AWS Case Study 7 - Multi Region Website Monitoring

AWS Case Study 7 - Multi Region Website Monitoring

My very first AWS case study which I published last year was about building a simple website monitoring service using 3 AWS serverless webservices.

This service had one drawback though - in some cases it could provide false alarms. That was because the verification of website's availability was done by AWS Lambda function located in just ONE region of the world.

And as you know, internet consists of millions of networks and network nodes and malfunction of the network connectivity somewhere in between our monitoring node and the target website does not necessarily mean that our website must be down as well.

AWS regions (as of Oct 11th 2021) - https://aws.amazon.com/about-aws/global-infrastructure/

Advanced (Multi Region) Website monitoring

So what do we need to do to get rid of potential false alarms and to make our monitoring service more reliable?

We need to upgrade the monitoring service's architecture in a way that it can perform website verifications from multiple regions of the world in parallel.

And only if all verifications from all of these regions fail, we are going to assume that the target website went really down.

Let's do it!

High level architecture and its 3 layers

In order to build multi region monitoring solution, we are going to need the following 9 AWS services:

No alt text provided for this image

These webservices will be used across the following 3 layers:

  1. business layer - will ensure that the target website is checked from 5 regions of the world in regular intervals and store results of these checks in the database,
  2. notification layer - in regular intervals will compare results of website checks from multiple regions stored in the database and will send out e-mail notifications in case of target website is down (not reachable from all 5 regions),
  3. presentation layer - will make results of website checks available on the public facing URL endpoint so that any user can view the details of the last run of checks via internet browser.

Business layer

Advanced Website Monitoring - Business layer

/click here to download the business layer architecture in higher resolution/

Notes:

  • to ensure that our business workflow runs every 5 minutes, we will set up so called scheduled pattern rule in Amazon EventBridge (works similarily like a traditional CRON job executed at specific intervals),
  • to orchestrate execution of Lambda functions in 5 different regions in parallel, we will use Amazon SNS (SNS will be triggered by Amazon EventBridge),
  • AWS Lambda function running at each of the 5 AWS regions will be nothing else than a very simple Python script.

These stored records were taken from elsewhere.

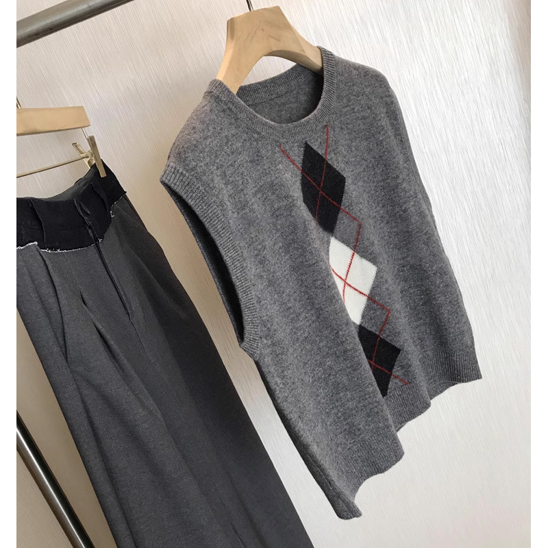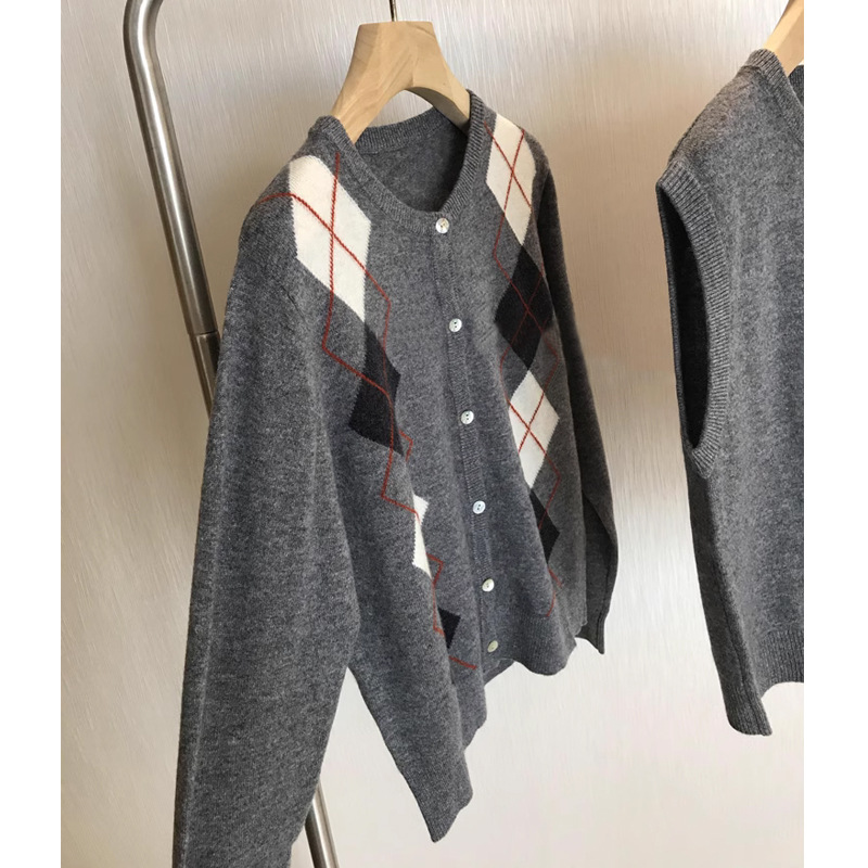 말이없는 아름다운!! R 싱글 ~ 하이 퀄리티 레트로 영국 스타일 나이를 줄이는 마름모 니트 양모 조끼 카디건
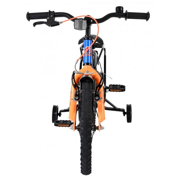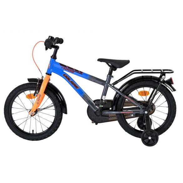 De Volare Thombike 16 inch kinderfiets in blauw met oranje details is perfect voor jonge fietsers die houden van een stoere en moderne uitstraling. Deze degelijke kinderfiets is voorzien van een dichte kettingkast, waardoor de bewegende onderdelen veilig zijn afgeschermd en de fiets minder onderhoud vraagt. Met de afneembare zijwielen kan ieder kind stap voor stap leren fietsen en later moeiteloos overstappen naar zelfstandig fietsen.
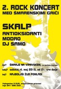 Prvi del dogajanja, namenjen predvsem mladim pripravljamo že 4. maja, ko ob 21. uri zvečer v Šmarjah začel 2. Rock koncert med šmarenskimi griči. Za odlično razpoloženje bodo poskrbele glasbene skupine Skalp, Antioksidanti in Modro, ki bodo mlade zabavale na travniku za gasilskim domom oziroma v primeru dežja v dvorani gasilskega doma. Mladi se bodo na prireditev lahko varno pripeljali z organiziranim kombi prevozom (info 041 590 222).
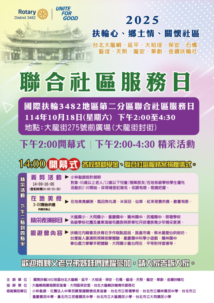 2025-10-18 國際扶輪3482地區第二分區聯合社區服務日By David Chuang - 2025 年 10 月 04 日0451 Calendar When: 2025 年 10 月 18 日 @ 14:00:00 – 16:30:002025-10-18T14:00:00+08:002025-10-18T16:30:00+08:00Where: 台北市大龍街275號前廣場(大龍街封街) 例會主題 社區服務 例會主題 社區服務
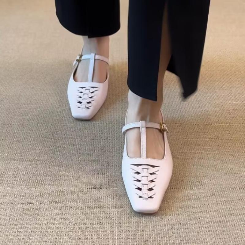 Modische Damen Ballerinas aus Kuhleder, schmaler Riemen, geflochtene T-Spange, eckige Zehenpartie, hohe Qualität, weich, bequem, elegant
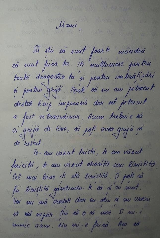 Să ştii că sunt foarte mândră că sunt fiica ta. Îţi mulţumesc pentru toată dragostea ta şi pentru îmbrăţişări şi pentru grijă. Poate că nu am petrecut destul timp împreună, dar cel petrecut a fost extraordinar. Acum trebuie să ai grijă de tine, să poţi avea grijă şi de restul. Te-am văzut tristă, te-am văzut fericită, te-am văzut obosită sau liniştită. Cel mai bine îţi stă liniştită. Şi poţi să fii liniştită gândindu-te că şi eu sunt. Voi nu mă credeţi, dar eu ştiu şi nu vreau să vă supăr. Ştiu că o să mor. Şi nu-i nimic acum.

It will perform the following: fetch the data from Amazon DynamoDB to figure out which website should be checked and to know which string should be present on the target website to indicate website is up, try to establish HTTPS connection to the target website, check if it is running by verifying if required string is present in the response received from target website and finally update Amazon DynamoDB table with results of this verification.
  • in order to persist the results of the website check carried out in the 5 regions, we will use Amazon DynamoDB database table which will have the global table feature enabled (in other words we will setup database table replicas in the remaining 4 regions).

Notification layer

Advanced Website Monitoring - Notification layer

/click here to download the notification layer architecture in higher resolution/

Notes:

  • notification layer architecture also uses: Amazon EventBridge, AWS Lambda, Amazon DynamoDB and Amazon SNS,
  • what is different is that Amazon SNS will be triggered only if all target website checks fail in all of the 5 AWS regions,
  • when Amazon SNS gets triggered (AWS Lambda function publishes a message into Amazon SNS topic), notifications will be sent to all e-mails of SNS topic subscribers.

Presentation layer

Advanced Website Monitoring - Presentation layer

/click here to download the presentation layer architecture in higher resolution/

Notes:

  • Amazon API Gateway is used to create a public facing REST endpoint,
  • Amazon CloudFront takes care of handling http/https requests (bridges our website monitoring domain name with the mentioned public facing REST endpoint) + it also provides the web page caching,
  • when user visits website monitoring URL via internet browser, AWS Lambda function is triggered and will upon its execution retrieve the status of the last website check from the Amazon DynamoDB's table and generate a static HTML page.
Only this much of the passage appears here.